- [Dataset records]
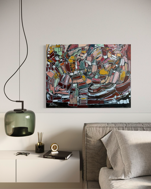 Acrylic on canvas, 40 x 40 inches, (the perfect size for over a large sofa). Exhibited at Palm Springs Modernism Show 2026. Inspiration: Turning...
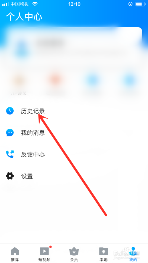 打开暴风影音中选择我的选项页面中点击“汗青记实”选项。
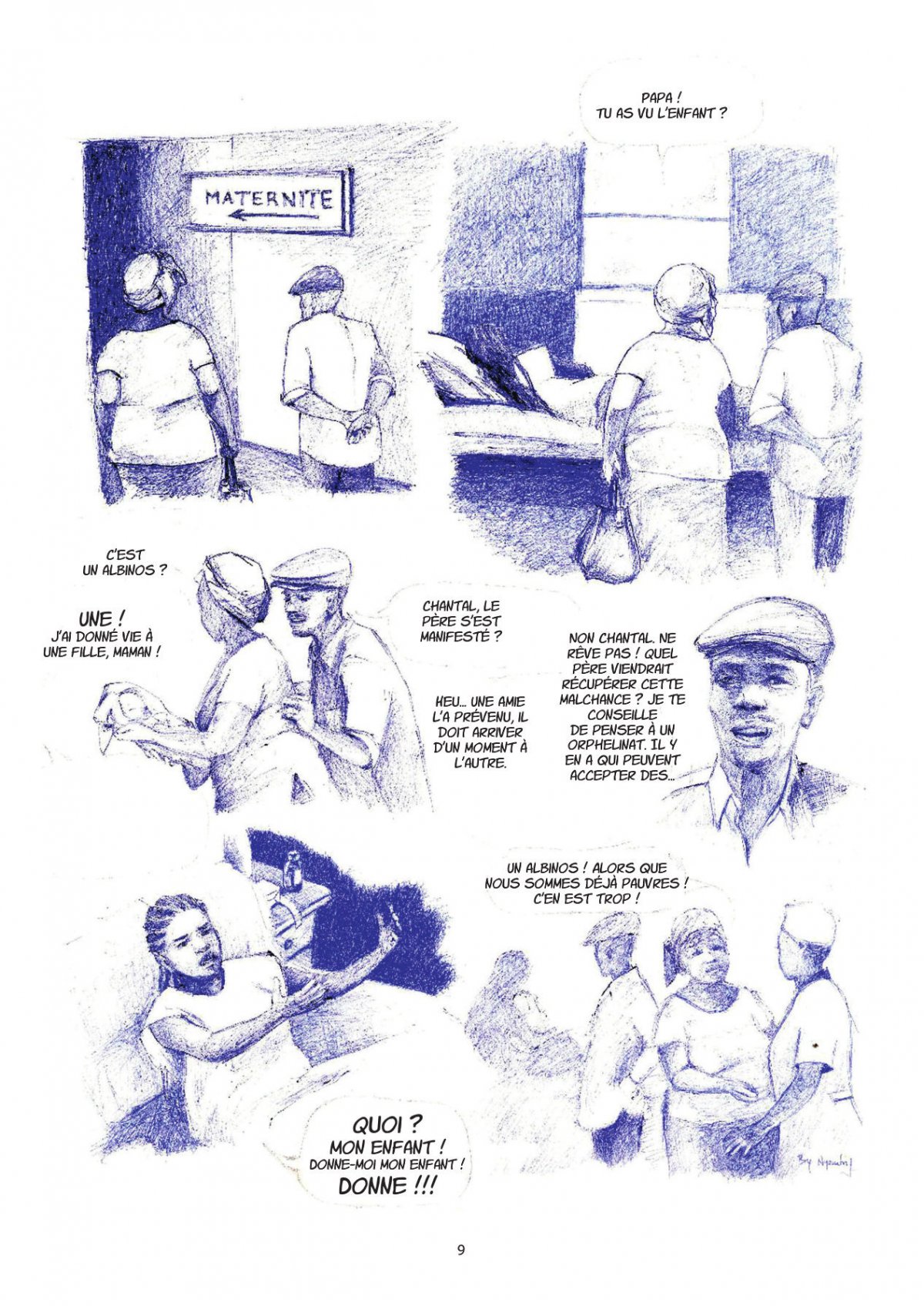 Les trois parties de cet album, par des dessinateurs aux styles fondamentalement différents, retracent les moments décisifs la vie de ces deux femmes, entre rejets, menaces et désir d’une vie normale. « Pour une couleur de peau » dénonce ainsi les discriminations voire les persécutions subies par les albinos aujourd’hui au Cameroun et Afrique Centrale, malgré une prise de conscience de plus en plus importante de la communauté internationale avec notamment La journée mondiale de l’albinisme est le 13 juin...
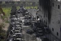 Damaged houses are seen in the Stalybridge area of Greater Manchester People after a "localised tornado" ripped off roofs and brought down walls as Storm Gerrit continued to impact the country, Manchester, England, Thursday, Dec. 28, 2023. (AP Photo/Jon Super)
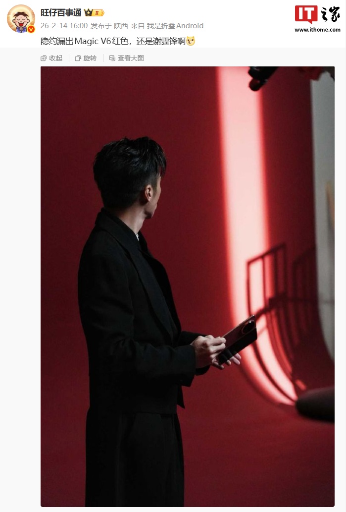 IT之家 2 月 15 日消息,博主 @旺仔百事通 昨日分享了一张照片,画面显示谢霆锋正手持一款折叠屏手机。博主透露,这款手机是荣耀 Magic V6 的红色。
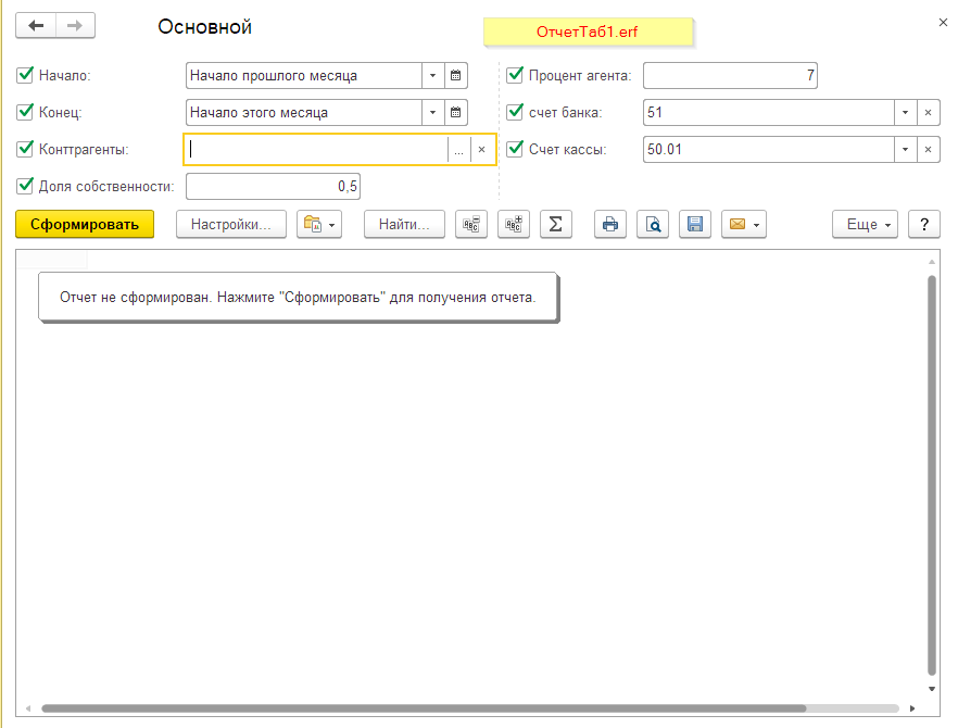 Отчет на СКД для таблицы из раздела 1: ОтчетТаб1.erf
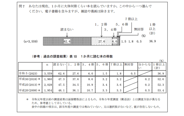 文化庁が実施した「令和5年度 国語に関する世論調査」によると、「1か月に読む本の冊数」の回答として、「読まない」が62.5%で最多でした。平成30年の調査では47.3%だったため、読書量の低下がさらに進んでいることがわかります。

- [What to work on]
Print exactly the lines from the line with "Отчет на СКД" through the end of the data, both ends included, and print no pictures.

- [Finished task]
 Отчет на СКД для таблицы из раздела 1: ОтчетТаб1.erf
 文化庁が実施した「令和5年度 国語に関する世論調査」によると、「1か月に読む本の冊数」の回答として、「読まない」が62.5%で最多でした。平成30年の調査では47.3%だったため、読書量の低下がさらに進んでいることがわかります。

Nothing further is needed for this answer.